Background: Our previous study showed that diacylglycerol kinase zeta (DGKzeta), which degenerates diacylglycerol (DAG), inhibits ventricular structural remodeling and rescues activated G protein (alpha)q (G(alpha)q)-induced heart failure. However, whether DGKzeta inhibits atrial remodeling is still unknown.
Objective: This study aimed to elucidate the effects of DGKzeta on atrial remodeling.
Methods: A transgenic mouse (G(alpha)q-TG) with cardiac expression of activated G(alpha)q and a double transgenic mouse (G(alpha)q/DGKzeta-TG) with cardiac overexpression of DGKzeta and activated G(alpha)q were created.
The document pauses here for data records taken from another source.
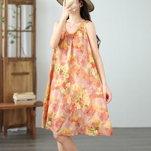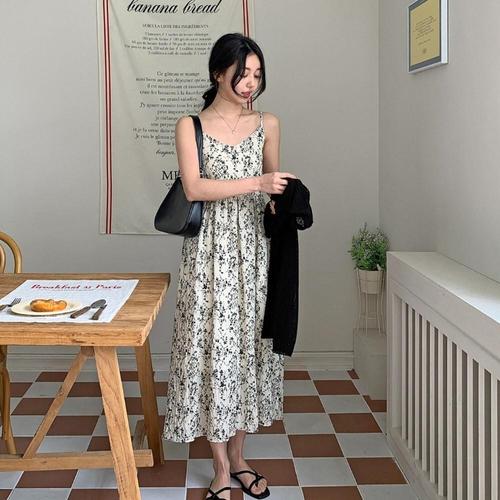 이푼아이 민소매 꽃나염 나시 롱 원피스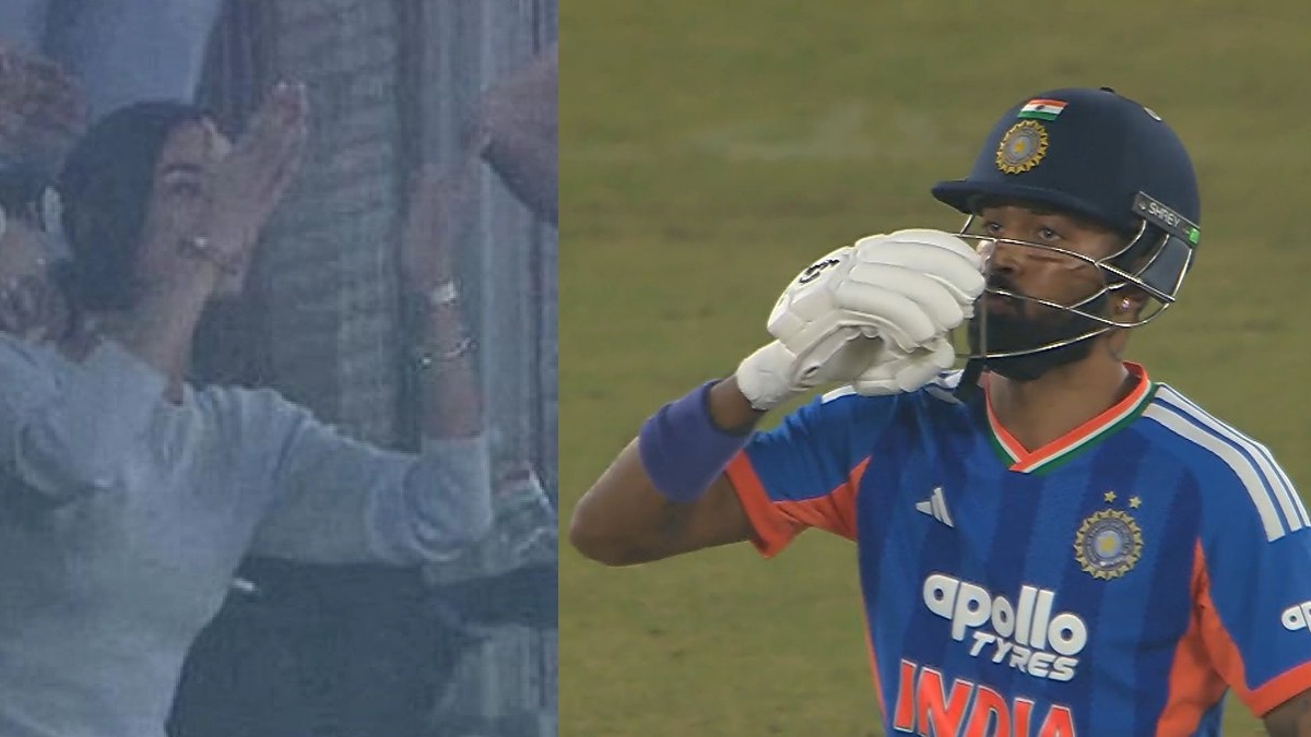 Pandya's innings carried extra emotion as cameras caught flying kisses blown towards girlfriend Mahieka Sharma in the stands after the half-century. The all-rounder finished with 63 from 25 balls, striking five fours and five sixes, and helped power India well beyond 230 on a black-soil surface that encouraged stroke play.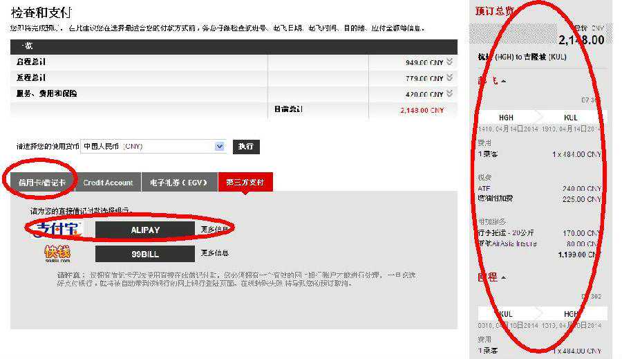 亚航的支付页面还是挺简单的,可以支付宝付款,也可以快钱付款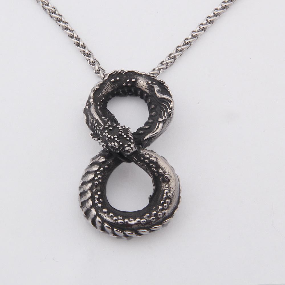 Ожерелье из нержавеющей стали с драконом Уроборосом - подвеска-амулет в виде змеи викингов с 3D-дизайном бесконечности для мужских панк-ювелирных изделий в подарок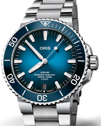 Oris Aquis Diver model 01 400 7763 4135. Powered by the phenomenal Oris Caliber 400 automatic movement. Made in house by Oris in Switzerland, this new movement has 21 jewels and a massive 5 day power reserve. The movement is housed in a stainless steel case on a dual-finish bracelet. Vibrant blue dial with luminous hands and markers. Blue color ceramic uni-directional bezel. Sapphire scratch resistant crystal. Water resistant to 300 meters.

Results: During electrocardiogram (ECG) recording for 10 min, atrial fibrillation was observed in 5 of 11 anesthetized G(alpha)q-TG mice but not in any wild-type (WT) and G(alpha)q/DGKzeta-TG mice (P <.05). All of the ECG parameters measured were prolonged in the G(alpha)q-TG compared with WT mice. Interestingly, in G(alpha)q/DGKzeta-TG mice, although the PR and RR intervals were still prolonged, the P interval, QRS complex, and QT interval were not different from those in WT mice. In Langendorff-perfused hearts, the incidence of atrial tachyarrhythmia induced by rapid atrial pacing was greater in G(alpha)q-TG hearts than in G(alpha)q/DGKzeta-TG hearts (P <.05). Action potential duration prolongation and impulse conduction slowing were observed in G(alpha)q-TG atria compared with G(alpha)q/DGKzeta-TG atria. Dilatation of the left atrium with thrombus formation was observed in 9 G(alpha)q-TG hearts but not in any G(alpha)q/DGKzeta-TG hearts. Moreover, the degree of extensive interstitial fibrosis in the left atrium was greater in G(alpha)q-TG hearts than that in G(alpha)q/DGKzeta-TG hearts (P <.05).
Conclusion: These results show that DGKzeta inhibits G(alpha)q-induced atrial remodeling and suggest that DGKzeta is a novel therapeutic target for atrial fibrillation.